Рубеж XIX–XX веков породил политическую гамму, утолщённую на правом фланге. Я проследил её контуры, исследуя партийные съезды, агитлистовки и полевые отчёты агентов полиции. Социальные корни Ускользающее равновесие между индустриализацией и аграрным укладом, рантом буржуазии и ресентиментом понижение сословий вызвало потребность в формах коллективной самозащиты. Так появились организации, апеллировавшие к «органическому» государству и нерасчленимому сообществу. Правые […]
Рубеж XIX–XX веков породил политическую гамму, утолщённую на правом фланге. Я проследил её контуры, исследуя партийные съезды, агитлистовки и полевые отчёты агентов полиции.

Социальные корни
Ускользающее равновесие между индустриализацией и аграрным укладом, рантом буржуазии и ресентиментом понижение сословий вызвало потребность в формах коллективной самозащиты. Так появились организации, апеллировавшие к «органическому» государству и нерасчленимому сообществу.
Правые клубы питались слоями с разными ожиданиями: ремесленники, служилые офицеры, духовенство, провинциальная интеллигенция. Их связывал страх перед пауперизацией, прозванной газетами «городским распадом». Эмоция стабилизировалась в лозунге «порядок через традицию».

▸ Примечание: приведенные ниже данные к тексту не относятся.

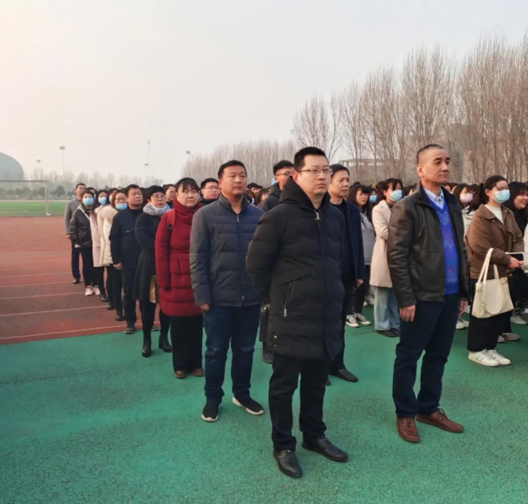 我院全体师生面向国旗庄严肃立,伴随着雄壮的中华人民共和国国歌,鲜艳的五星红旗冉冉升起。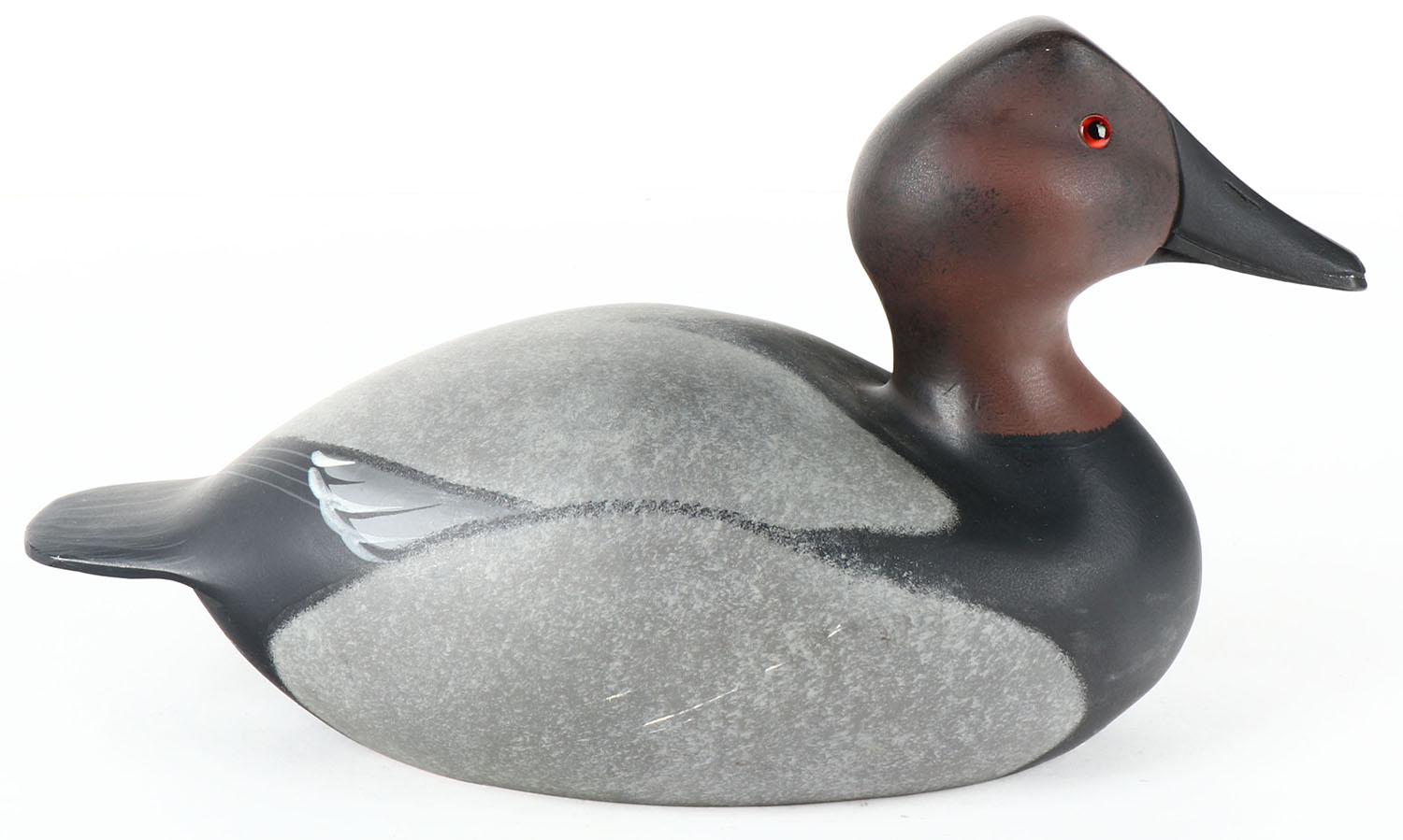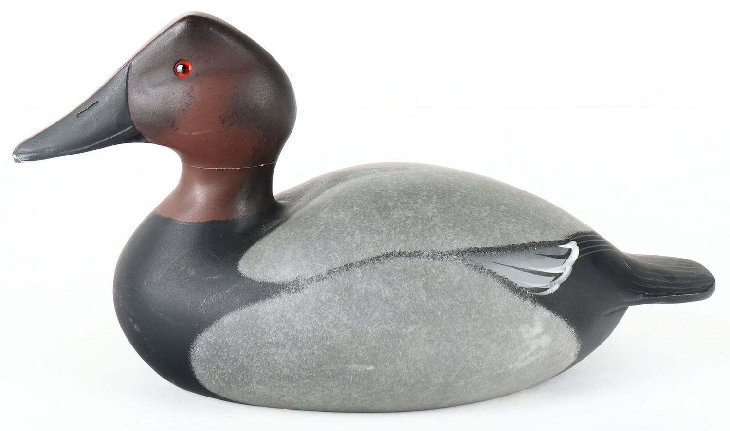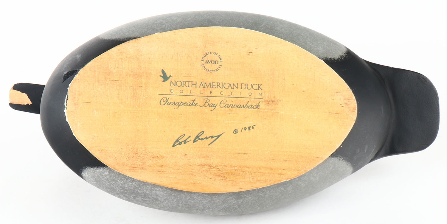 Canvasback Drake by BOB BERRY North American Duck Collection , Chesapeake Bay, Bob Berry, glass eyes, solid wood, original paint, hair line crack to neck & chip to tip of bill, signed and branded on bottom by NORTH AMERICAN DUCK COLLECTION BOB BERRY. Grade: Excellent - Value: 20 to 40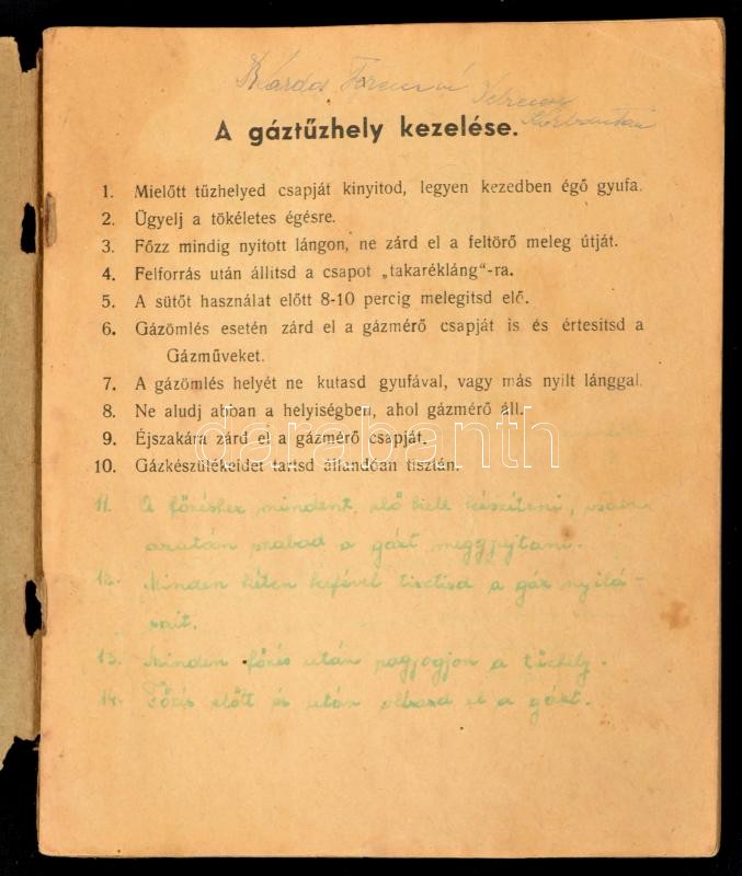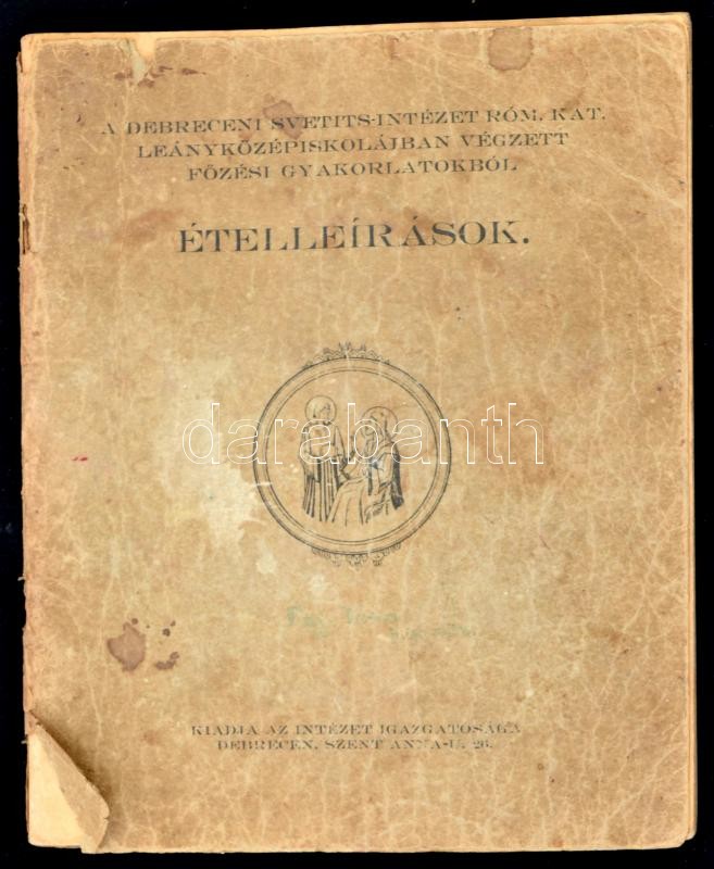 Debrecen, é.n. [1930 körül], Kiadja az Intézet Igazgatósága. (ny. n.). 100p. Mintegy ötven étel elkészítéséhez előnyomtatott füzet a tanulók számára. Tűzve, sérült papírborítékban.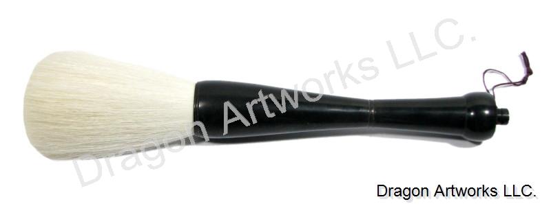 Large Chinese calligraphy brush with a cattle horn handle and natural sheep hair bristles, a great choice for writing large flowing Chinese calligraphy characters.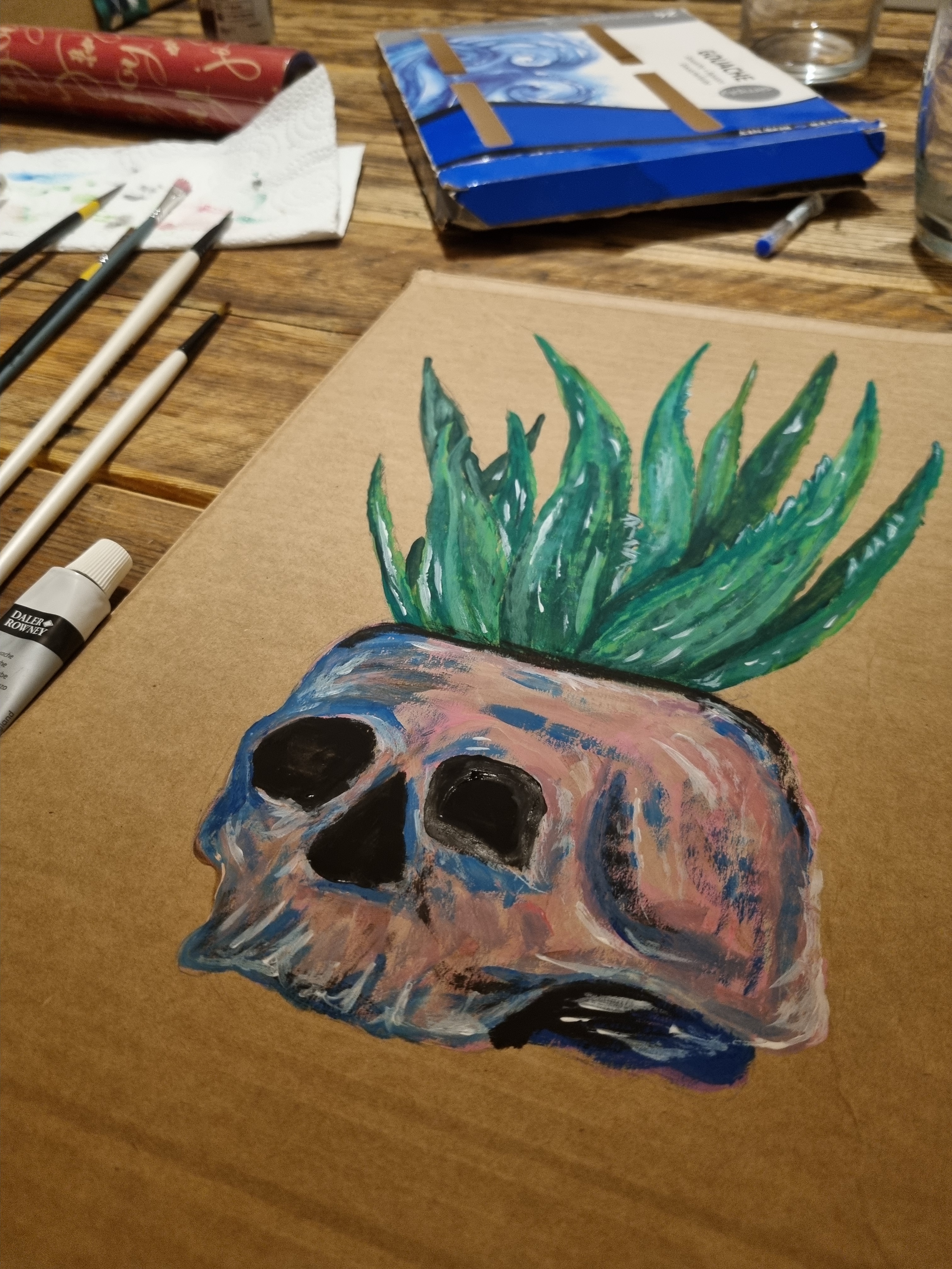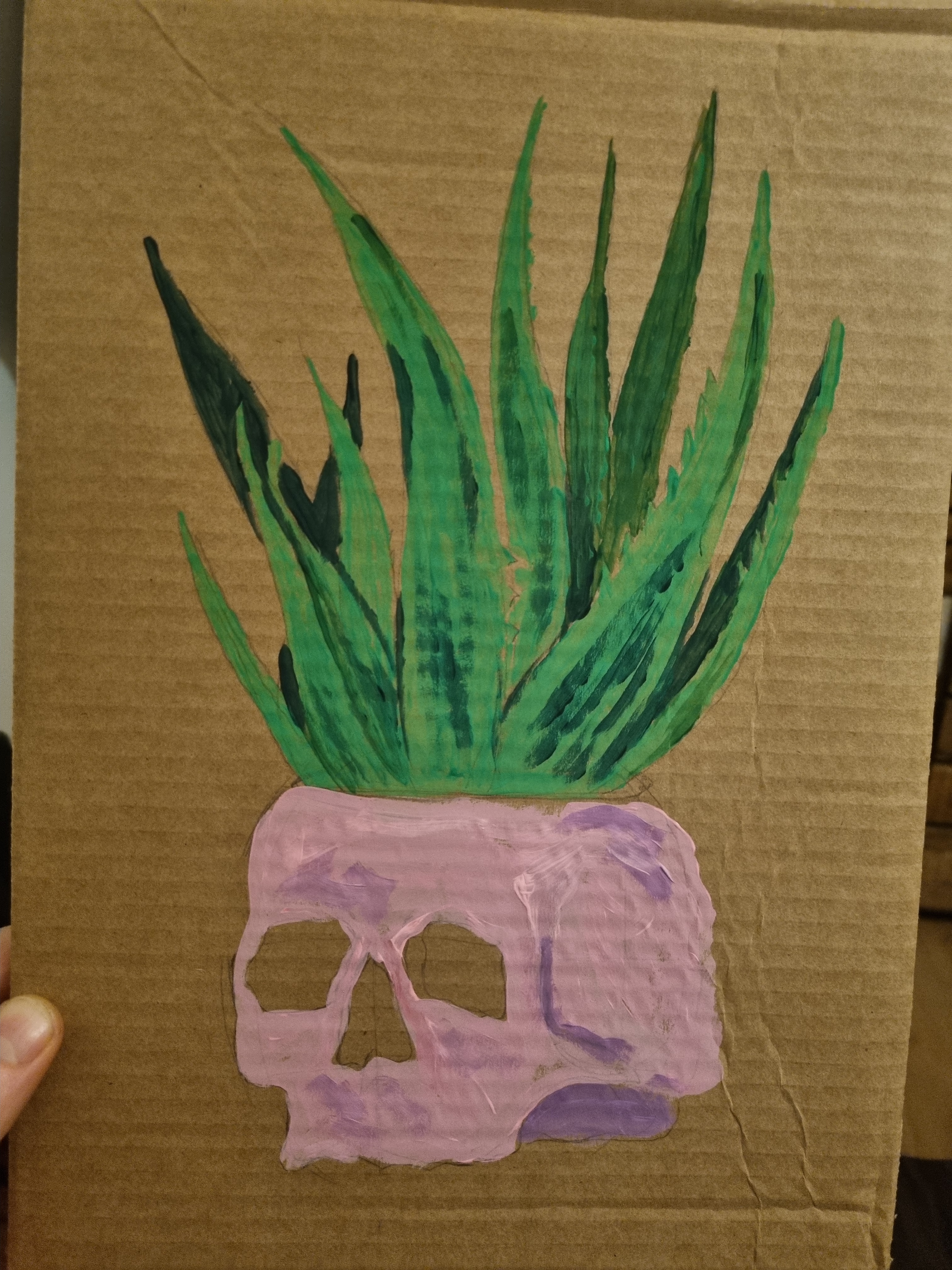 Recently, I have been trying to get back into painting more. Watching a Jason Dill talk and how he said to be creative on everything gave me the push to start again. Picking up some gouache paint I was gifted at Christmas a few years ago I have been trying to develop my own style. Here is a test on some cardboard.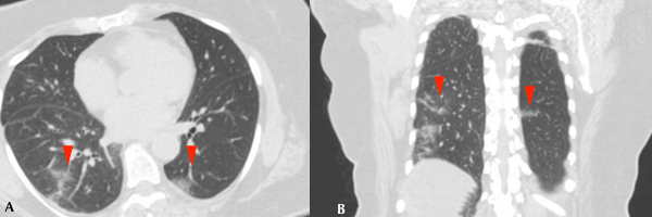 Conclusions: Our experience demonstrated the presence of patchy ground glass opacities and patchy consolidative opacities predominantly in the lower lobes as frequent features.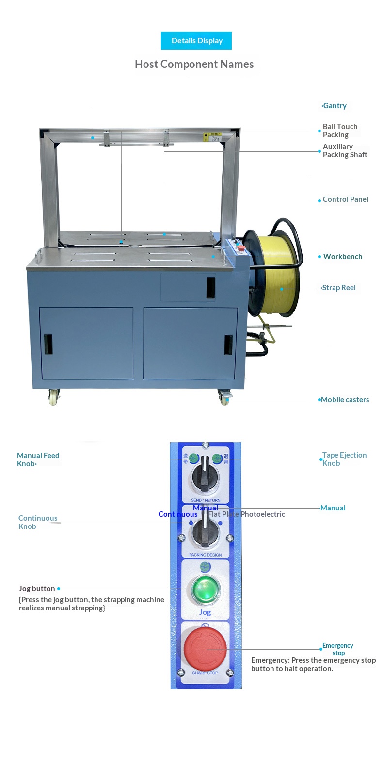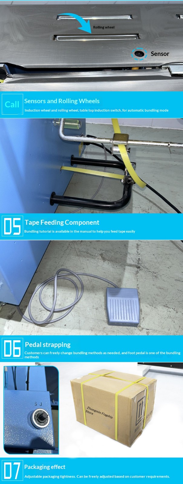 Semi-automatic strapping machine: Manual participation is required in some steps. The operator usually wraps the strapping band around the item and places it at a specific position on the machine, then starts the machine to complete tensioning, sealing and cutting.

На выборах партии добивались успеха, опираясь на четвертушные земельные комитеты и союзы ветеранов. Сельская модель приходила в города, трансформируя аграрный патернализм в урбанистическую корпоративность.
Идеологический сплав
Доктрина сплавляла монархический легитимизм, католическую социологию и социальный дарвинизм. В текстах идеологов всплывал термин «этнизм» — трактовка нации как природного феномена, неподвластного юридическому разбору. Корпоративизм понимался не как сухая схема, а как «политическая органика», лишённая контрактного начала. Пара элитарная аудитория воспринимала этот язык как противоядие против абстракций масс-демократии.
Группы в Восточной Европе дополняли программу охранительным антикапитализмом: притязания ростовщиков приравнивались к моральному преступлению, а акционерное общество называлось «безликим монстром». Синкретизм соседствовал с милитаристским эстетицистским пафосом: парады, униформы, гербы возрождали архаику на уровне жеста.
Фигуры и харизма
Самыми заметными ораторами первых десятилетий стали Шарль Моррас, Альфред Гугенберг, Анджей Дмовский, Сергей Трушкин-Марков. Я изучал их стенограммы: вместо монотонной парламентской полемики они употребляли лирические тропы, апеллировали к памяти предков. Моррас говорил о «двойной аорте» Франции — крестьянстве и армии. Гугенберг оформлял газеты как тактическое оружие, превращая текст в марш.
Парламентская арифметика лишь фиксировала поверхностный успех правых. Гораздо глубже звучала культурная резонансность: школьные учебники включали рассказы о «нации-рыцаре», художники переносили на полотна романтическую версию прошлого, архитекторы декларировали отказ от гладких фасадов в пользу неостиля.
Межвоенный коллапс либеральных кабинетов закрепил наследие этих партий. Их кадры перешли в авторитарные администрации, их словарь проник в журналистику, их символика отложилась в массовой памяти. Я интерпретирую явление не как закостенелый археологический слой, а как движущийся пласт, питавший политическую культуру целого столетия.